━━ Records to use
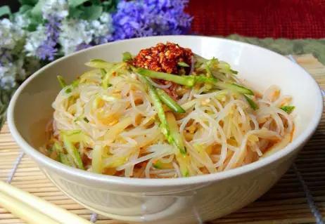 7、粉丝沥干水分后,拌入黄瓜丝。
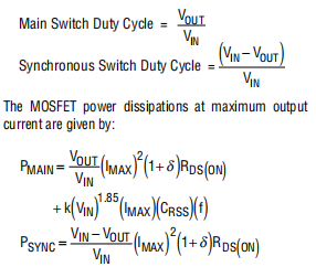 必须选择三个外部功率mosfet对于LTC1436A/LTC1437A:一对用于顶部(主)开关的N沟道MOS FET和一个N沟道MOSFET用于底部(同步)开关。为了利用自适应功率输出级,两个必须选择上部模块MOSFET。A大(低RSD(开))MOSFET和一个小型(RDS(ON))MOSFET是必修的。采用大型MOSFET作为主开关与同步开关配合工作。较小的MOSFET仅在低负载下启用当前状况。这提高了中电流效率同时继续以恒定频率工作。同时,通过使用小型MOSFET电路可以保持恒定在循环之前,频率运行降低到较低的电流发生跳转。小型MOSFET推荐的RDS(ON)是约0.5Ω。注意不要使用带有RDS(ON)太低;记住,我们要保存门电荷。(更高的RDS(ON)MOSFET具有更小的栅极电容,因此需要较少的电流来充电门)。对于成本敏感的应用,小型MOSFET可以移除。然后电路将开始突发模式负载电流下降时的操作。峰间栅极驱动电平由INTVCC设置电压。启动期间,该电压通常为5V(参见EXTVCC引脚连接)。因此,逻辑层大多数LTC1436A必须使用阈值MOSFET/LTC1437A应用。唯一的例外是应用程序其中EXTVCC由外部电源供电大于8V(必须小于10V),其中哪个标准可使用小于4th的[VGS]。结清注意MOSFETs as的BVDSS规范很多逻辑电平的mosfet限制在30V或者更少。功率mosfet的选择标准包括“ON”电阻RSD(ON),反向转移电容CRS,输入电压和最大输出电流。当LTC1436A/LTC1437A以连续模式运行顶部和底部mosfet的占空比为:
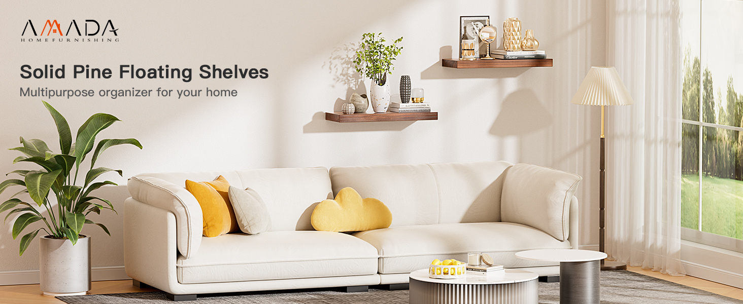 متانة متينة: أرفف AMADA العائمة مصنوعة من خشب الصنوبر الصلب بنسبة 100% للحصول على جودة دائمة ونمط طبيعي. تُعد أرفف الحائط الخشبية بمثابة تحسين جذاب للمساحة يمكنك الاعتماد عليه، حيث تتحمل بشكل مريح ما يصل إلى 22 رطلاً لكل منها.
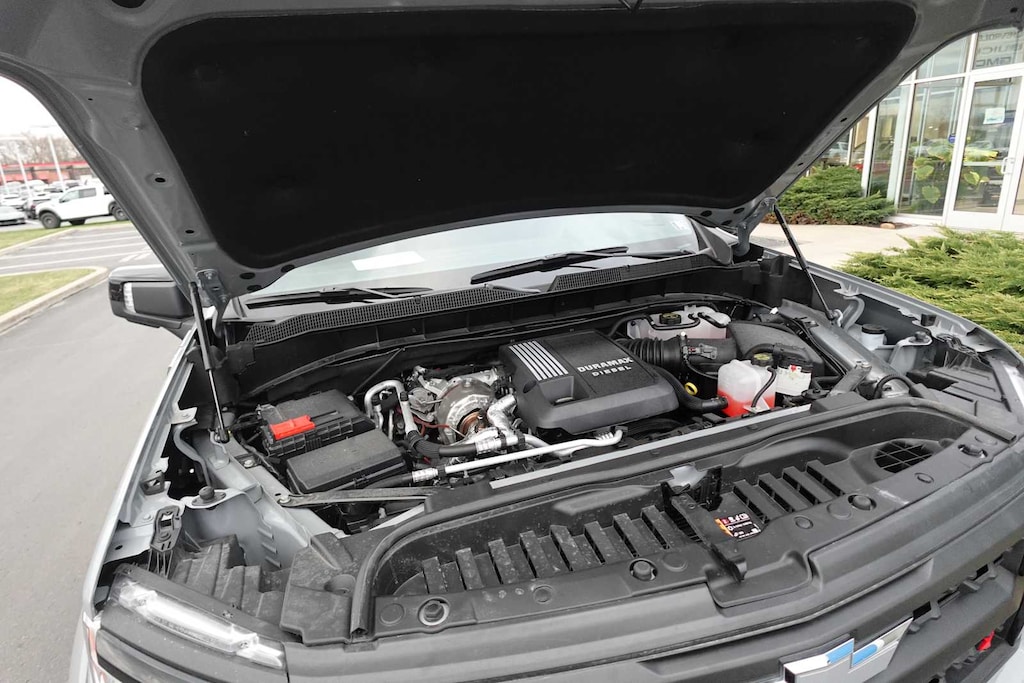 ENGINE, DURAMAX 3.0L TURBO-DIESEL I6 (305 hp [227 kW] @ 3750 rpm, 495 lb-ft of torque [671 Nm] @ 2750 rpm) Includes (KW5) 220-amp alternator and (K05) engine block heater.), CONVENIENCE PACKAGE II includes (UG1) Universal Home Remote, (A48) rear sliding power window, (PZ8) Hitch Guidance with Hitch View and (UET) Trailering App Includes (UQA) Bose Premium Sound System.), SAFETY PACKAGE includes (UV2) HD Surround Vision, (UD5) Front and Rear Park Assist, (TRG) Trailer Camera Provisions, (UKV) Trailer Side Blind Zone Alert, (UFB) Rear Cross Traffic Braking, (UKK) Rear Pedestrian Alert and (U12) Perimeter Lighting, Z71 OFF-ROAD PACKAGE includes (Z71) Off-Road suspension, (JHD) Hill Descent Control, (NZZ) skid plates and (K47) heavy-duty air filter Includes Z71 hard badge, (N10) dual exhaust, (RCV) 18 bright silver painted wheels, (XCK) 265/65R18 all-terrain, blackwall tires and (NQH) 2-speed transfer case. PROTECTION PACKAGE includes (B1J) wheel house liners and (CGN) Chevytec spray-on bedliner, SEATS, FRONT BUCKET with center console (Includes (EPH) Electronic Transmission Range Selector (console mounted). AUDIO SYSTEM, CHEVROLET INFOTAINMENT 3 PREMIUM SYSTEM with Google built-in compatibility (select service plan required, terms and limitations apply) including navigation capability, 13.4 diagonal HD color touchscreen, includes multi-touch display, AM/FM stereo, Bluetooth streaming audio for music and most phones; featuring Wireless Apple CarPlay and Wireless Android Auto capability for compatible phones, advanced voice recognition, in-vehicle apps, personalized profiles for infotainment and vehicle settings (STD), TRANSMISSION
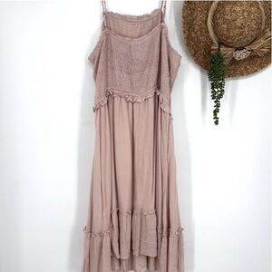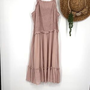 Hayden Los Angeles Smocked Tiered MIDI Boho Dress Pockets Blush 3XL
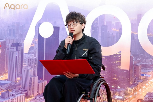 在現(xiàn)場(chǎng)活動(dòng)中,Aqara Space杭州臨安旗艦店負(fù)責(zé)人、00后的鄭博文坐著輪椅登臺(tái),分享了他的切身經(jīng)歷與感悟。“正因?yàn)槲夷贻p,我更懂我們對(duì)未來(lái)生活的渴望;也正因?yàn)檫@張輪椅,我比任何人都更深刻地理解,一個(gè)真正智能、無(wú)障礙的家,意味著什么。”作為杭州市殘聯(lián)十大青年企業(yè)家,長(zhǎng)期推動(dòng)無(wú)障礙環(huán)境建設(shè),對(duì)他而言,“空間智能”不是炫酷的標(biāo)簽,而是開燈關(guān)燈間那份觸手可及的獨(dú)立,是門窗開合時(shí)那份心安理得的自在!翱臻g智能不是選擇題,而是生活的必答題。”
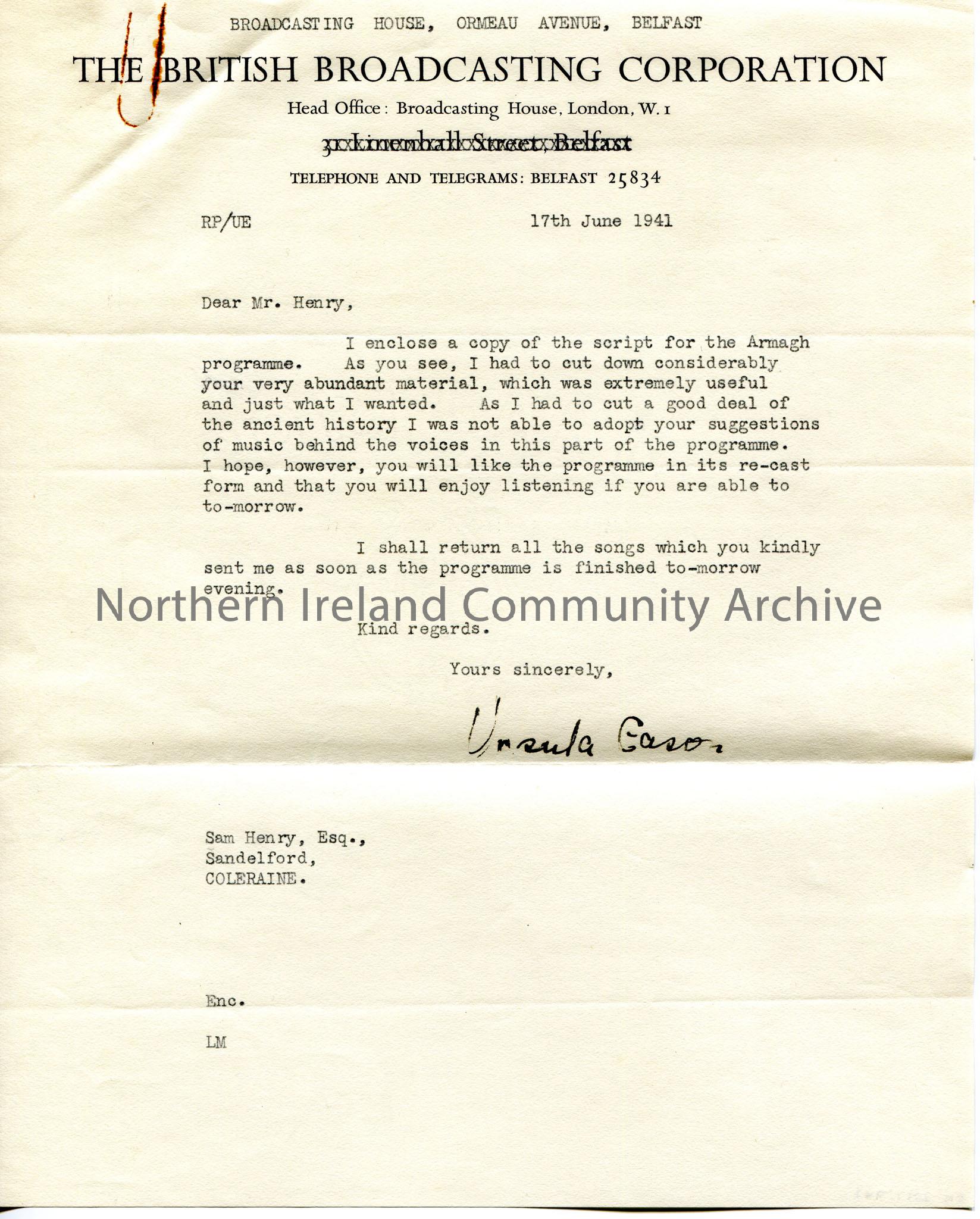 Typed letter to Sam Henry, Sandelford, Coleraine. Encloses copy of script re Armagh programme. Informs Sam that she has amended the script and had to cut it down considerably. To return the songs after tomorrow evening.
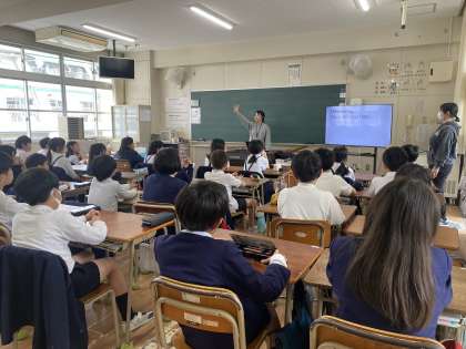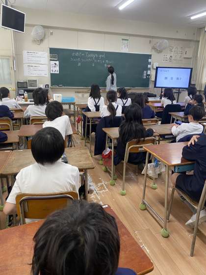 5年生になって初めての外国語の授業です。初めての外国語の授業では、新しい2人の先生の自己紹介を聞きました。5年生の子どもたちはとても楽しそうに授業に参加し、これからの授業について、一生懸命話を聞くことができました。
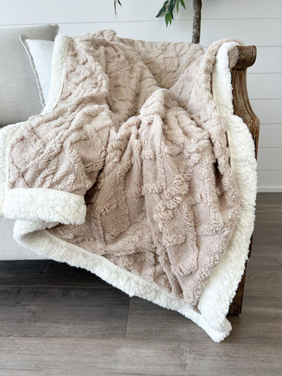 IN STOCK Cable Knit Sherpa Blanket - Tan
━━━━
→ Problem to work on
Lines from the one that contains "5年生になって初めての外国語" to the final line of the material are the whole answer. Reproduce them word for word and skip the pictures.

→ Result for this task
 5年生になって初めての外国語の授業です。初めての外国語の授業では、新しい2人の先生の自己紹介を聞きました。5年生の子どもたちはとても楽しそうに授業に参加し、これからの授業について、一生懸命話を聞くことができました。
 IN STOCK Cable Knit Sherpa Blanket - Tan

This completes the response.